TASK GOAL: The answer must consist solely of the lines below starting at the one containing "SOGOplus購物的消費者" and ending at the one containing "Depression can be", repeated exactly, with both ends included and all pictures omitted.

SOURCE DATA:
▬▬▬
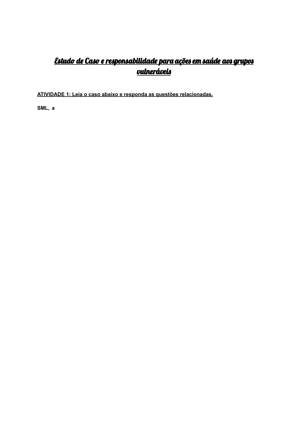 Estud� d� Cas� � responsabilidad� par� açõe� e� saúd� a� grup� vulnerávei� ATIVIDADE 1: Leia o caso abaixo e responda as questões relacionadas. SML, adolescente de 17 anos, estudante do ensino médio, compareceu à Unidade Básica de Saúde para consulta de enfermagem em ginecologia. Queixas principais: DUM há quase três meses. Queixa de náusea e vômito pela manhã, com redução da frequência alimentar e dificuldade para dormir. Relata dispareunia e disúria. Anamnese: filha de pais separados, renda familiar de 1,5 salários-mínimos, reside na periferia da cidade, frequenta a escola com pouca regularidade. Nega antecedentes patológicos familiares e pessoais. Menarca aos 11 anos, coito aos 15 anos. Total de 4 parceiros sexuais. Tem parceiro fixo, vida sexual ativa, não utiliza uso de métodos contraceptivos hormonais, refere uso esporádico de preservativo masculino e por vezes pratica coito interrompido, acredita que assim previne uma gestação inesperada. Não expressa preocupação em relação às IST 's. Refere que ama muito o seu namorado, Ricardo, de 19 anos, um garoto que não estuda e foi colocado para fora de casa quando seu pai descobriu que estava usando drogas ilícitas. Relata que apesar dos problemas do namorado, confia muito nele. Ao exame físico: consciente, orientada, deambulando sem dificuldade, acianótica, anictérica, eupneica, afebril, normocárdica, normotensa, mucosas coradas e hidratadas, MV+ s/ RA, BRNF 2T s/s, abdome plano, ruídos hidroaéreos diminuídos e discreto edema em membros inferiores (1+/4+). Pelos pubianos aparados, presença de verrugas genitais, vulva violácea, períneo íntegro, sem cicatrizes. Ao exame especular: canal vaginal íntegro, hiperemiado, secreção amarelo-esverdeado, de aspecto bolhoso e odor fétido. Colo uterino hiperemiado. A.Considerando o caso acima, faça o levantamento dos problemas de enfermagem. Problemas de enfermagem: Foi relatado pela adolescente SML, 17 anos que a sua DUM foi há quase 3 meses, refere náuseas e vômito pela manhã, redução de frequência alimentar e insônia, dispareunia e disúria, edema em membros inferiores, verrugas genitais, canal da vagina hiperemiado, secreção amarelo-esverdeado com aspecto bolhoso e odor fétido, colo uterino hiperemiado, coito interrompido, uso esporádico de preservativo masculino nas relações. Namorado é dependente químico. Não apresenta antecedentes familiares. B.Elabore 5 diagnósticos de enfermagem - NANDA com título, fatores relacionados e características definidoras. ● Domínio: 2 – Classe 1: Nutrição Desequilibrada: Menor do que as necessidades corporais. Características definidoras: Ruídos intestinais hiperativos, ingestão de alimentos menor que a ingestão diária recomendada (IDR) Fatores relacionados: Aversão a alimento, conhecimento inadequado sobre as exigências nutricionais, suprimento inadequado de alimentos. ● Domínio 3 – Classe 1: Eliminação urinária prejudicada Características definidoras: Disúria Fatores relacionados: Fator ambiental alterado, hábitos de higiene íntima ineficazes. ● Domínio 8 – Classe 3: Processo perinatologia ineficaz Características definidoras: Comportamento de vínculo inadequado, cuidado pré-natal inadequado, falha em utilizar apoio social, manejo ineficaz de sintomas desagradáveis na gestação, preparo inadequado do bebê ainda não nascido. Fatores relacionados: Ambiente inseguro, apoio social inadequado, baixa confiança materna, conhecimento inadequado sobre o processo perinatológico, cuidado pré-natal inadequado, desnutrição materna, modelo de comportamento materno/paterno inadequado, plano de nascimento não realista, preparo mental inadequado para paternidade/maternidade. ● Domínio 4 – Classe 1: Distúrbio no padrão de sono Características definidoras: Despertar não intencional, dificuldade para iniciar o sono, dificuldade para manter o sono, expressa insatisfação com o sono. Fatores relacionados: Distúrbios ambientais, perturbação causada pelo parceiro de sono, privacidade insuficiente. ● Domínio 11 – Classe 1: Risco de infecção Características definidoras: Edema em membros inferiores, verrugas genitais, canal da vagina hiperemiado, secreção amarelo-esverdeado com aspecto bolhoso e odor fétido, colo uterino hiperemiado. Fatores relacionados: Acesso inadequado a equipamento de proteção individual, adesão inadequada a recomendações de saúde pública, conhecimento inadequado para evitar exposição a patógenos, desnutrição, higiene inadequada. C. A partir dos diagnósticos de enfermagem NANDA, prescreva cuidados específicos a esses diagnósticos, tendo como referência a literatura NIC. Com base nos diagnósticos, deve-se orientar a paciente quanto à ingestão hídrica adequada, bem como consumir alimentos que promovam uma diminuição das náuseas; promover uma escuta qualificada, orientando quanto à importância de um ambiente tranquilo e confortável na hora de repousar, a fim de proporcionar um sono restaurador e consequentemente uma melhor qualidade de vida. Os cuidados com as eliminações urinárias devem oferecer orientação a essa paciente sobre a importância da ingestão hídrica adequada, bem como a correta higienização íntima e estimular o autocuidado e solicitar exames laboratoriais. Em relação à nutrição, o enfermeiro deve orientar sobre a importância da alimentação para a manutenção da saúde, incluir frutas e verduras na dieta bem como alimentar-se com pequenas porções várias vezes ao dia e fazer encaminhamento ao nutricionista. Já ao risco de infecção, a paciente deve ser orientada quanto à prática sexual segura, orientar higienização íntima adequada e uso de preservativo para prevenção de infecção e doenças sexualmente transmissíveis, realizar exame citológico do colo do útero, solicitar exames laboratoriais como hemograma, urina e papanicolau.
▬▬▬
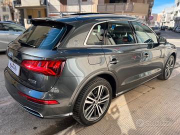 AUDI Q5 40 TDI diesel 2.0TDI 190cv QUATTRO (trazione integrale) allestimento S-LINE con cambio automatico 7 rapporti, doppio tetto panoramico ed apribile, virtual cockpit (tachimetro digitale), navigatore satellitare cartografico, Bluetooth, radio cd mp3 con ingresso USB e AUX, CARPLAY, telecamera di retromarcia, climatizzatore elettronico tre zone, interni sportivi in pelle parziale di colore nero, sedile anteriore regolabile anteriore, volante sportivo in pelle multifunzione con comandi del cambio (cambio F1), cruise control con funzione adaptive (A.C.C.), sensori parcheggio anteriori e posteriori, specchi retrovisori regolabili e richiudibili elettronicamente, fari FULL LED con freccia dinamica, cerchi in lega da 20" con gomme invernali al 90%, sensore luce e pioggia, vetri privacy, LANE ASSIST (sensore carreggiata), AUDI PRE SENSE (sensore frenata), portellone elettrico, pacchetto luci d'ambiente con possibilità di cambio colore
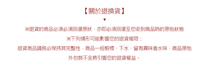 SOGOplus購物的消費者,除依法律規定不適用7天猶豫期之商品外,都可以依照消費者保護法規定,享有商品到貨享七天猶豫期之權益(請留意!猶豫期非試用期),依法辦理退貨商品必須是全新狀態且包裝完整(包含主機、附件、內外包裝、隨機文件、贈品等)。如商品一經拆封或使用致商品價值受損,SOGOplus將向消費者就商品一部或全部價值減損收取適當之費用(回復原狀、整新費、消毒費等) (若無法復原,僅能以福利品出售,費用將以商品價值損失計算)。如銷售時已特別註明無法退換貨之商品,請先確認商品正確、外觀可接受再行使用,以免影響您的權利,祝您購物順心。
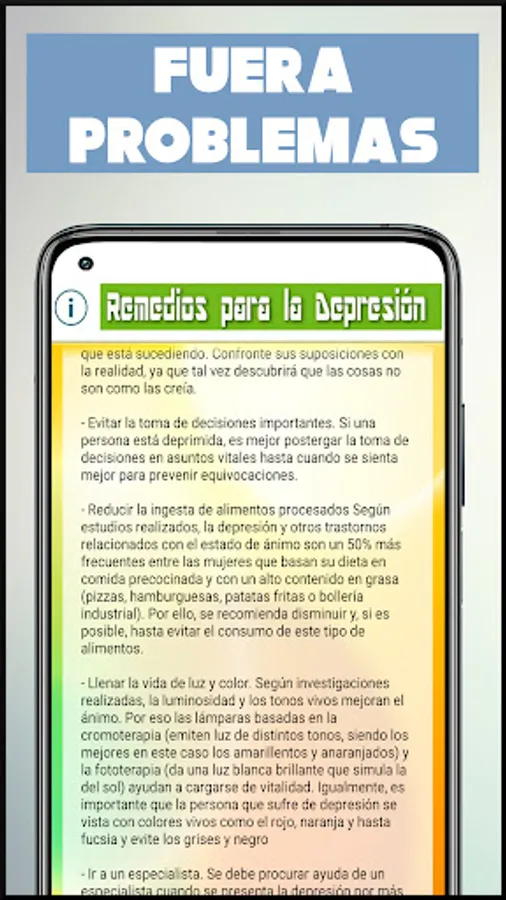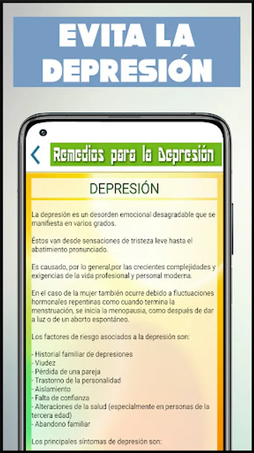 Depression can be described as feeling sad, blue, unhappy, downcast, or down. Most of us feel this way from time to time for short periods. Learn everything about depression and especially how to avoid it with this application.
▬▬▬
RESULT:
 SOGOplus購物的消費者,除依法律規定不適用7天猶豫期之商品外,都可以依照消費者保護法規定,享有商品到貨享七天猶豫期之權益(請留意!猶豫期非試用期),依法辦理退貨商品必須是全新狀態且包裝完整(包含主機、附件、內外包裝、隨機文件、贈品等)。如商品一經拆封或使用致商品價值受損,SOGOplus將向消費者就商品一部或全部價值減損收取適當之費用(回復原狀、整新費、消毒費等) (若無法復原,僅能以福利品出售,費用將以商品價值損失計算)。如銷售時已特別註明無法退換貨之商品,請先確認商品正確、外觀可接受再行使用,以免影響您的權利,祝您購物順心。
 Depression can be described as feeling sad, blue, unhappy, downcast, or down. Most of us feel this way from time to time for short periods. Learn everything about depression and especially how to avoid it with this application.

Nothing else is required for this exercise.